Good luck dude, it's hard but once you get your crap together you'll be amazed at how far you've come.
-I dont speak Japanese. I am going to learn Japanese. Now.
Then you'll figure out if you're going to just use rosetta stone, or if you're going to start taking classes, or what. But you need to start. You should at least have some language skills by now.
Take apart every problem you have in your life, find out which ones you can start solving, and do it.
Or just keep drowning if that feels better. God I know how good it feels to wallow around in self pity and depression. I sincerely love that shit. Feeling sorry for yourself is like a drug.
No matter how bad things look right now, there is hope. Your situation can improve. The big shift for you is that you're reaching out. Things might hurt worse at first as you reach out and let yourself feel your pain, but things will improve as long as you take one step at a time towards connecting with others.
You're lucky - you mentioned not drinking, which means you probably qualify for Al-Anon, a 12-step group for people with friends or family members who are alcoholics. The people in these groups are amazingly supportive and can give you real emotional and practical help. Here's a list of English-speaking Al-Anon groups in Tokyo ... they can probably direct you to a nearby group: http://www.al-anontokyo.org/ These groups are free and you can show up without making any prior appointment/contact.
Also just for fun you could check out some job advice blogs to see if anything peaks your interest. If you decide to work with foreigners, here's a site specifically with url=http://www.jobs.net/articles/hospitality/]hospitality jobs advice[/url]. Career Builder has a good directory of jobs, many in Japan. Just having a job will do wonders for your self esteem (as long as your boss isn't abusive) - and good for you for getting out of the prior abusive situation. It doesn't have to be a job you particularly like. The point is to have a job. You can and will move up from there.
You might find that people annoying you is a constant. You said you felt that in the US and also in Japan. I think it might be something inside of you, rather than inside of other people, causing these feelings. Thankfully you have the power to change whatever it is. This does not have to be a constant state.
(Btw, I like your username.)
Please check in with us and share how you're doing.
I'm new, and came across your post on a search engine while searching for depression in Japan.
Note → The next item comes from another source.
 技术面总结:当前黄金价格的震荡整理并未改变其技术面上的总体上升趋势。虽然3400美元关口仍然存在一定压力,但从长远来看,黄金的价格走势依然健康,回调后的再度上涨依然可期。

Sorry to hear you are having such a bad time of it. I know what you mean about getting depressed in Japan because it happens to a lot of foreigners spending a long time in the country. It happened to me too, so I know where you are coming from.
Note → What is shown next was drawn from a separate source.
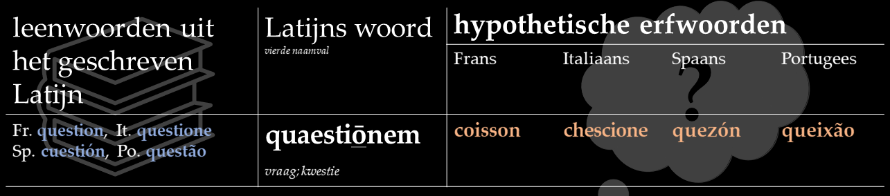 Op de qu- van quaestiōnem volgde oorspronkelijk een /ai/-achtige tweeklank, maar in de spreektaal werd dat een e-klank. Daardoor sloot het woord zich bij de groep van quem en quid aan en bleef alleen de [k] over. Om die reden – en nog andere – kunnen vormen als It. questione [kwestjone] en Sp. cuestión [kwestjon] met een [w]-klank niet authentiek zijn.

You obviously need a job. Have you thought about ALT work? You might find that working in state schools suits you and if you get nice schools, you'll likely get on with some of the teachers. Look up Altia in Sakae, Nagoya online. There are other companies but Altia will treat you the best and pay you a little better than some of the others, probably even find accommodation for you.
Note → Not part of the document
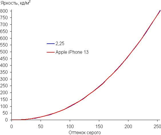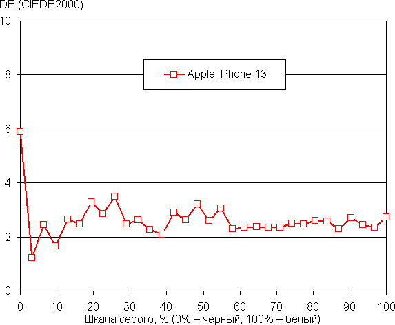 Видно, что в этом случае есть небольшое перекрестное подмешивание компонент в красной области, то есть родное для экрана Apple iPhone 13 цветовое пространство чуть шире, чем Display P3.

As for the depression, people in Japan tend not to understand it as well as people in the west. It only seems to get noticed when people crack up big time and have a breakdown. Otherwise there is a culture of just putting up with things and getting on with it but that just makes things worse. But you do need some kind of intervention. Easy to say, I know.
Why aren't you learning Japanese, just as a matter of interest? I know you probably don't feel like it feeling depressed. I'm guessing your girlfriend is Japanese and maybe doesn't want you to speak Japanese because you know how obsessive the Japanese can get about practicing their English. I had a girlfriend like this for a while.
I know your initial post was 6 months ago, so I hope you have it all sorted out now. Good luck.
Again, sorry for the crazy bump, did it expect this feel trip at 2-bloody-AM.